Penangkapan digelar aparat di tengah jalan Dusun Gelomiras-bwindong, Desa Watukebo, Kecamatan Rogojampi, sekitar pukul 04.50 WIB. Minuman memabukkan  itu hendak dipasok ke seorang pengepul yang tinggal di Desa Watukebo. Proses penangkapan berlangsung disaat sopir truk, I Ketut Wenten (39), asal Banjar Dinas Bantas, Desa Batu Ringgit, Kecamatan Kubu, Karangasem tak tahu arah jalan.

Pengungkapan distribusi arak dari kawasan Bali Timur menuju Banyuwangi berhasil dijalankan Satsabhara Polres Banyuwangi berkat kerjasama yang apik dengan pemasok informasi jaringan Bali. Kasatsabhara AKP Basori Alwi menjelaskan, anggotanya langsung melakukan upaya penghadangan terhadap truk yang dicurigai ketika memasuki wilayah Banyuwangi.

“Kabar kita terima saat truk sudah melintasi kawasan Kota Banyuwangi.
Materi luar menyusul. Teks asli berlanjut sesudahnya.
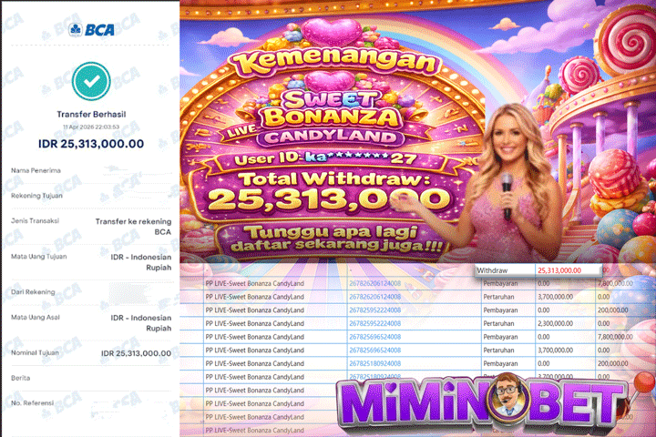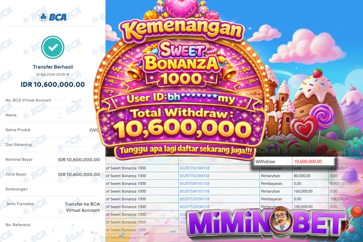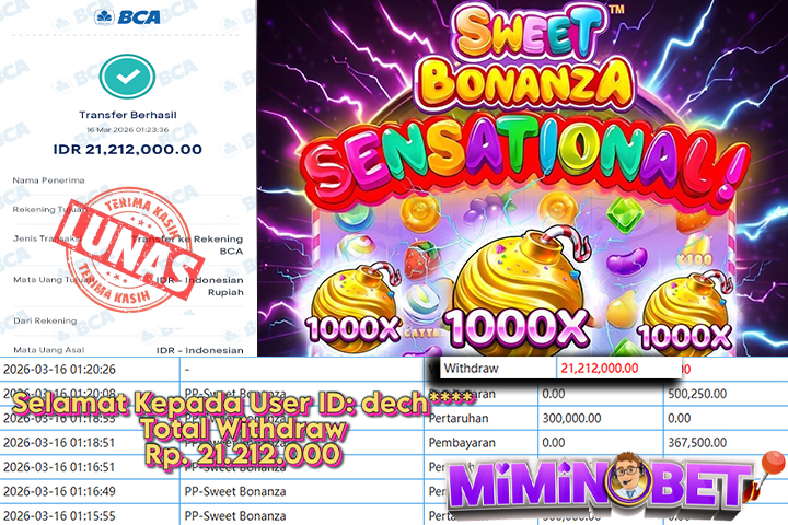 Selamat Kepada User ID : DECK*** yang berhasil mendapatkan Kemenangan besar di SLOTGAME ( PP-Sweet Bonanza ) Dengan total kemenangan yang berhasil di peroleh yaitu : Rp 9,408,000,- Bukti transfer kemenangan yang kami posting merupakan bukti yang VALID dan SAH karena di dapatkan langsung dari bukti tanda transaksi dari bank yang di tuju / bersangkutan. Kemenangan telah di proseskan setelah melakukan pengisian ( form / formulir ) withdraw. Sebelumnya kami mengucapkan selamat dan berterima kasih kepada Pemenang, karena telah mempercayai situs MIMINBET sebagai BANDAR terpercaya yang sudah membayarkan semua kemenangan member tanpa sisa hingga lunas. Jadi tunggu apa lagi bosku?! Dimana lagi anda bisa jumpai bandar slot dan togel online terbaik dan amanah seperti MIMINBET ?! Bandar yang membayar kemenangan berapa pun tanpa basa basi dan langsung sat set kelar, sat set selesai ^^ Segera bergabung dengan kami MIMINBET, yang dimana ini adalah situs TERBESAR dan TERPERCAYA , Salam JP dan Salam MIMINBET

Pengejaran membuahkan hasil setelah melihat truk tersebut melintas di jalan Dusun Gelondong, Desa Watukebo,” paparnya.Miras berjumlah 3.500 liter itu, menurut AKP Basori Alwi, masuk kategori kualitas satu. Perjerigen arak hasil produksi rumahan ini dibandrol harga Rp 800 ribu. Total omset penjualan arak yang diamankan petugas senilai Rp 80 juta.miras-bwi-2

“Sopir diupah 2,5 juta. Berdasarkan pengakuannya dia baru kali ini mengirim miras ke wilayah Desa Watukebo sehingga kebingungan arah,” tambahnya.Sebenarnya I Ketut Wenten sudah dipandu penunjuk jalan bernama Edi. Keduanya kemudian hilang kontak setelah truk bermuatan miras itu dihadang aparat. Padahal sebelumnya sempat membuat kesepakatan untuk bertemu di wilayah Kota Banyuwangi.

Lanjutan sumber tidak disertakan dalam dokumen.